> Louis Mandelstam <lma@sacc.org.za> writes:
> > >
> > > I saw a message somewhere today [bugtraq perhaps?] where someone
> > > claimed to have found a workaround for the 0xf0 pentium bug.
> > >
> > > If I understood it correctly, they locked the illegal instruction trap
> > > into cpu cache....
> >
> > ..and lost the performance advantage of having an internal cache, no?
>
> Actually, Miguel Angel Rodriguez Jodar <rodriguj@DRAGO.FIE.US.ES>
> forwarded a message (originally from Jim Brooks <jim@jimbrooks.org>)
> to BUGTRAQ about this possible solution.
>
> What Jim Brooks had discovered was that, if the IDT gate descriptor
> for the invalid opcode exception had been cached (by first executing a
> "legitimate" invalid opcode), then the F0 0F C7 C8 would not cause a
> hang.
>
> Miguel pointed out that, because the internal cache could be locked,
> this cached gate descriptor could be made permanent, at a horrible
> performance penalty.
True.
> HOWEVER, if Jim Brooks is right in his explanation, then we're talking
> about a cached gate descriptor, which has nothing to do with the
> "internal cache" we normally talk about; the descriptor is cached
> elsewhere.
Maybe, the Pentium has some caches for segment descriptors which were
removed on PPro and explain in part its horrible 16-bit performance.
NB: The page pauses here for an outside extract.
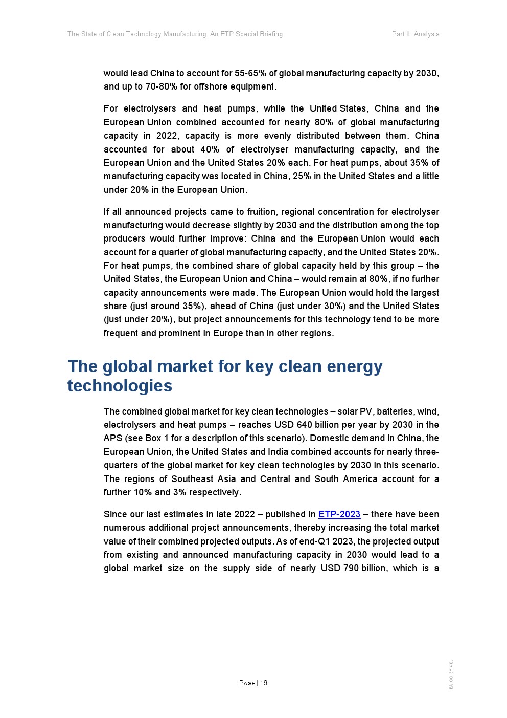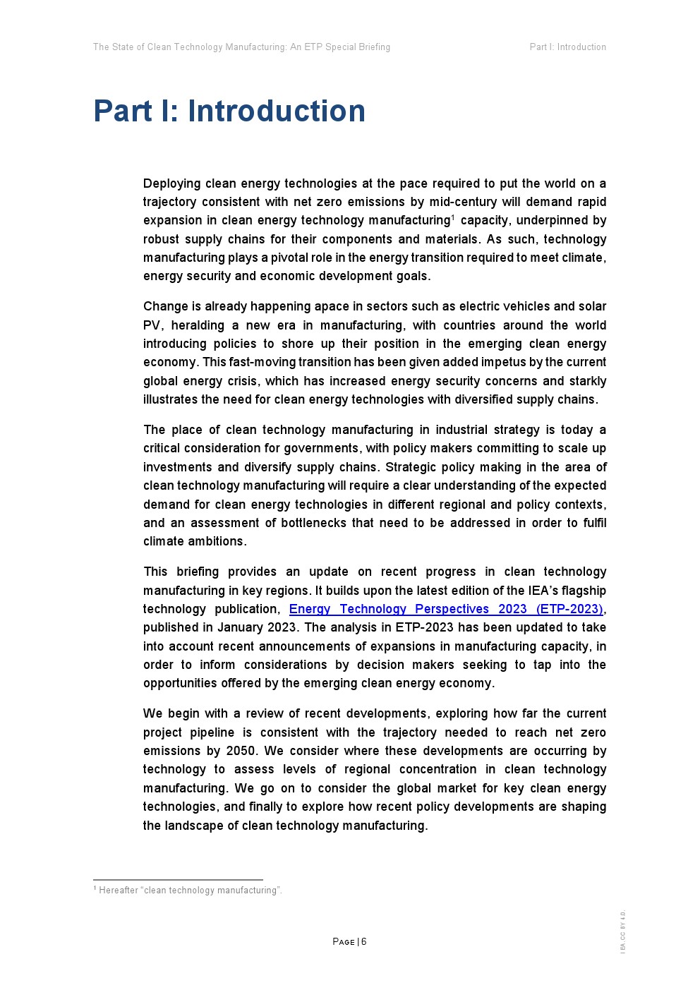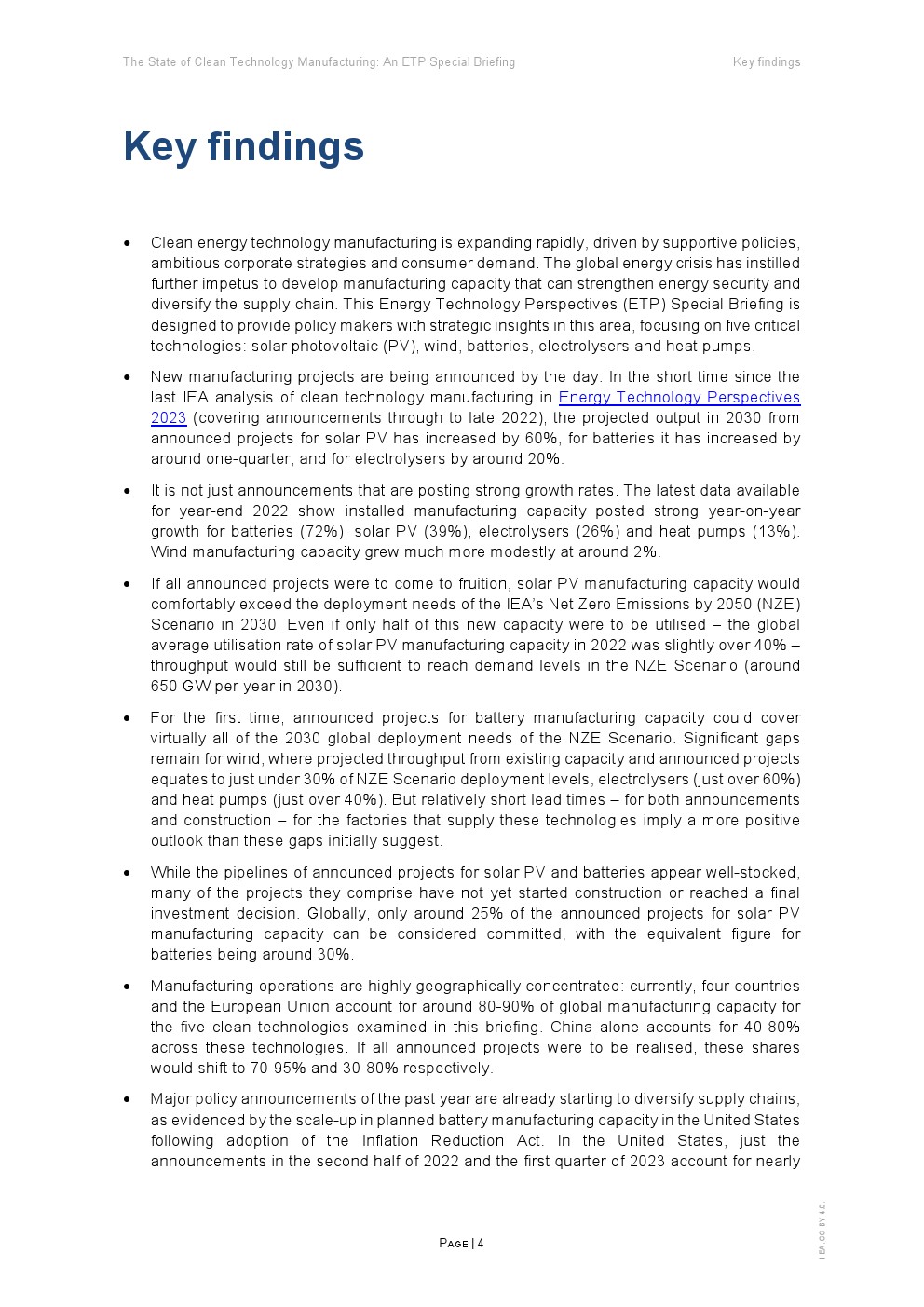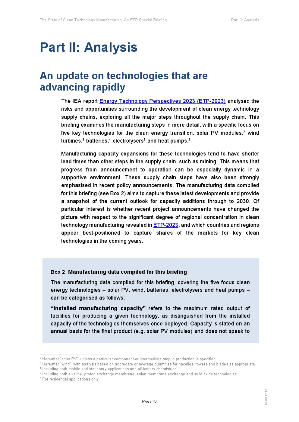 在支持性政策、雄心勃勃的企业战略和消费者需求的推动下,清洁能源技术制造业正在迅速扩张。全球能源危机进一步推动了制造业的发展,从而加强能源安全和促进供应链多样化。这份能源技术展望(ETP)旨在为政策制定者提供该领域的战略见解,重点关注五项关键技术:太阳能光伏(PV)、风能、电池、电解槽和热泵。

It might also have a cache for an IDT entry, which is basically one of the
3 descriptor tables with the GDT and the LDT.
> If, as I assume (and I am clueless), the Pentium has a dedicated cache
> for a single IDT gate descriptor, then it might be possible to work
> around the bug by executing an invalid opcode (to recache the invalid
> opcode descriptor) whenever the "last used IDT descriptor" might have
> changed.
But it is very possible that this cache is thrashed by performing segment
descriptor loads. It depends on whether there are IDT specific cache entries
or the entries are shared between GDT, LDT and IDT.
> That is, it might be possible to finish off every interrupt handler by
> executing (and handling) an illegal opcode. Presumably this would have
> to be done back out in user space, to prevent a double fault. We
> would suffer a performance penalty, but it might be worth it.
Certainly not in user mode, it would switch back to kernel mode, switch
stacks and other big delays. The only way I see to implement it and to
test this hypothesis is to do the following before any iret (which is
hidden in RESTORE_ALL macro) to user mode or VM86 mode (ret_from_intr
show how to check, but this is not necessary for a proof of concept):
- jump to a specific location where you find the UD2 opcode
(replace all RESTORE_ALL by jmp ud2)
then insert the following code somewhere in arch/i386/kernel/entry.S
ud2: .byte 0x0f,0x0b
and then the code for the interrupt 6 should start with something like:
(just after ENTRY(invalid_op))
cmpl $ud2,(esp)
jnz 1f
addl $12,esp /* pop interrupt information off stack */
RESTORE_ALL /* return with exception 6 cache descriptor loaded */
1: /* Here normal interrupt entry code */
Note that this will slow down significantly all returns to user mode. This
is designed to check for the hypothesis and it may be possible to create
a faster version, but I don't see how right now :-)
Hint: put the ud2 opcode just before the interrupt 6 entry code and
align it to a cache line boundary, the code from ud2 to RESTORE_ALL is 27
bytes long if I compute it right, slightly less than a cache line :-)
I can't test it right now since I'm 50 kilometers away from my machine in the
middle of a snowstorm in Sierra Nevada.
> Any comments on workability from folks with a clue?
>
Gabriel.